____ INFORMATION SHOWN

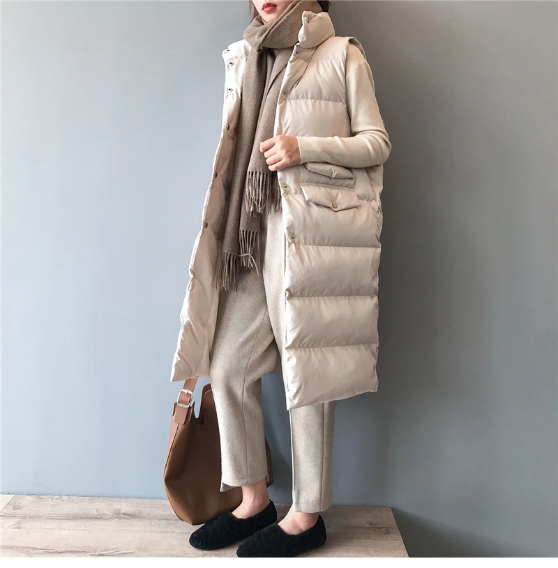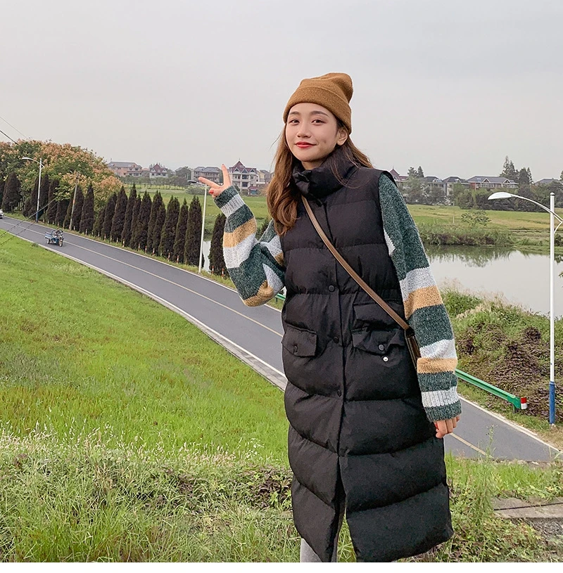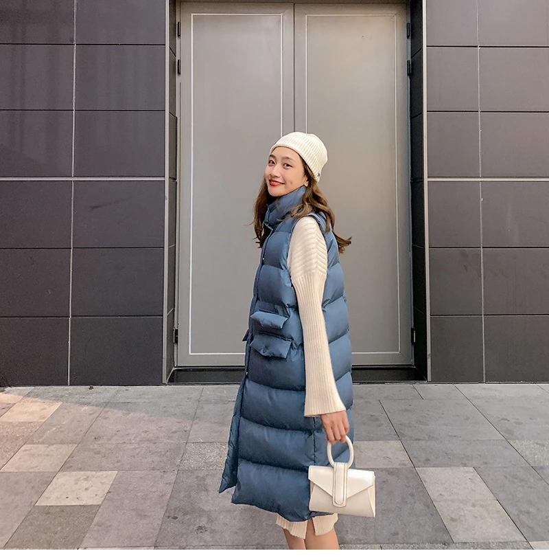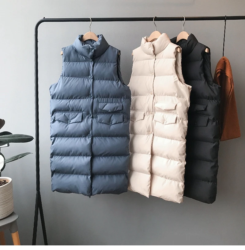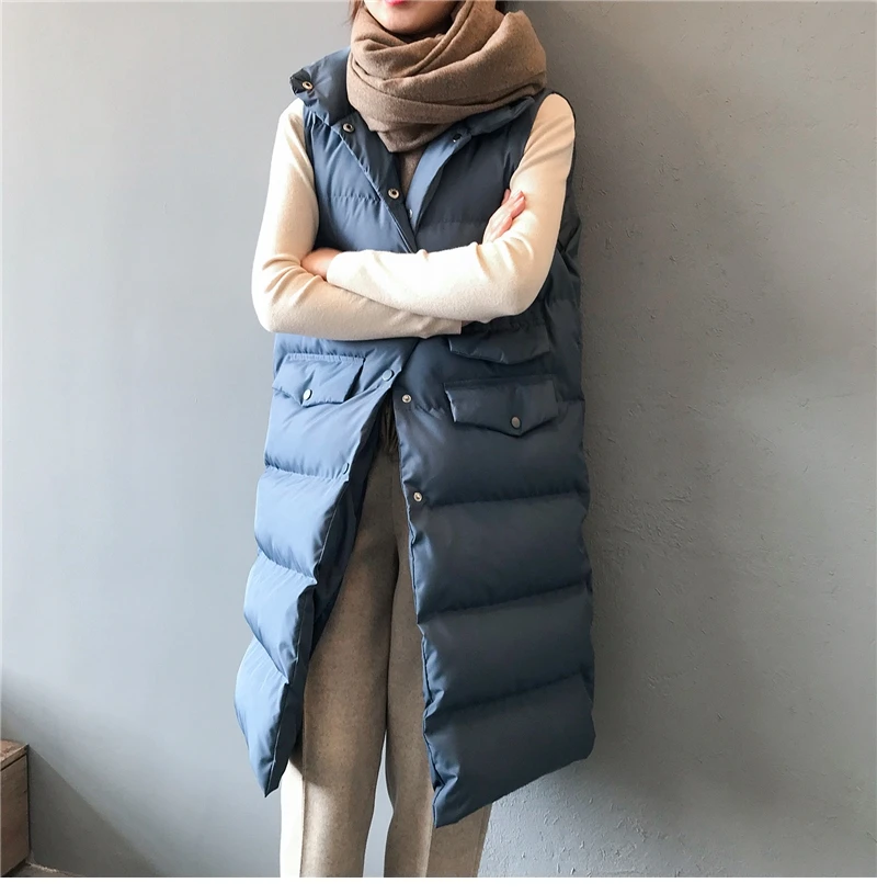 Осенне-зимний длинный жилет, Женская хлопковая куртка без рукавов, ...
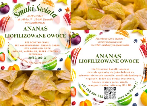 - 20g, 50g, 100g Ananas Liofilizowany zapakowany w czarny doypack
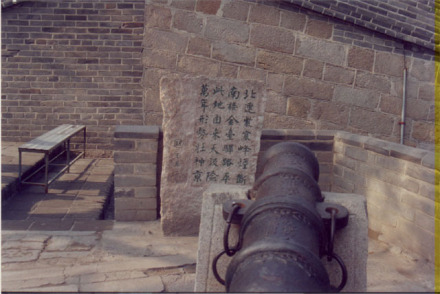 陳展于八達(dá)嶺關(guān)城內(nèi)登城入口處的馬道旁,共有五尊鐵炮,為當(dāng)時(shí)的先進(jìn)武器之一。其中最大一尊炮筒長2.85米,口徑105毫米,射程達(dá)千米以上,威力甚大。炮身上刻有"敕賜神威大將軍"字樣,為明代崇禎十一年(1638年)制造。該炮是1958年從八達(dá)嶺東十余里的張堡地方運(yùn)來的。另外四尊牛腿小炮,為1957年整修長城時(shí)的出土文物,同時(shí)還發(fā)掘出數(shù)百枚炮彈,均為明朝制品。據(jù)《武備志》記載:“古代以機(jī)發(fā)石,其機(jī)之木架,形如虎蹲。后來使用火炮,炮身短而粗大,以發(fā)開花彈者,名虎蹲炮,俗稱田雞炮”,由此可見當(dāng)時(shí)武器情況之強(qiáng)盛。

________

• EXERCISE DETAILS: Repeat the listing verbatim. Skip the pictures.

• RESPONSE TO THE TASK:
 Осенне-зимний длинный жилет, Женская хлопковая куртка без рукавов, ...
 - 20g, 50g, 100g Ananas Liofilizowany zapakowany w czarny doypack
 陳展于八達(dá)嶺關(guān)城內(nèi)登城入口處的馬道旁,共有五尊鐵炮,為當(dāng)時(shí)的先進(jìn)武器之一。其中最大一尊炮筒長2.85米,口徑105毫米,射程達(dá)千米以上,威力甚大。炮身上刻有"敕賜神威大將軍"字樣,為明代崇禎十一年(1638年)制造。該炮是1958年從八達(dá)嶺東十余里的張堡地方運(yùn)來的。另外四尊牛腿小炮,為1957年整修長城時(shí)的出土文物,同時(shí)還發(fā)掘出數(shù)百枚炮彈,均為明朝制品。據(jù)《武備志》記載:“古代以機(jī)發(fā)石,其機(jī)之木架,形如虎蹲。后來使用火炮,炮身短而粗大,以發(fā)開花彈者,名虎蹲炮,俗稱田雞炮”,由此可見當(dāng)時(shí)武器情況之強(qiáng)盛。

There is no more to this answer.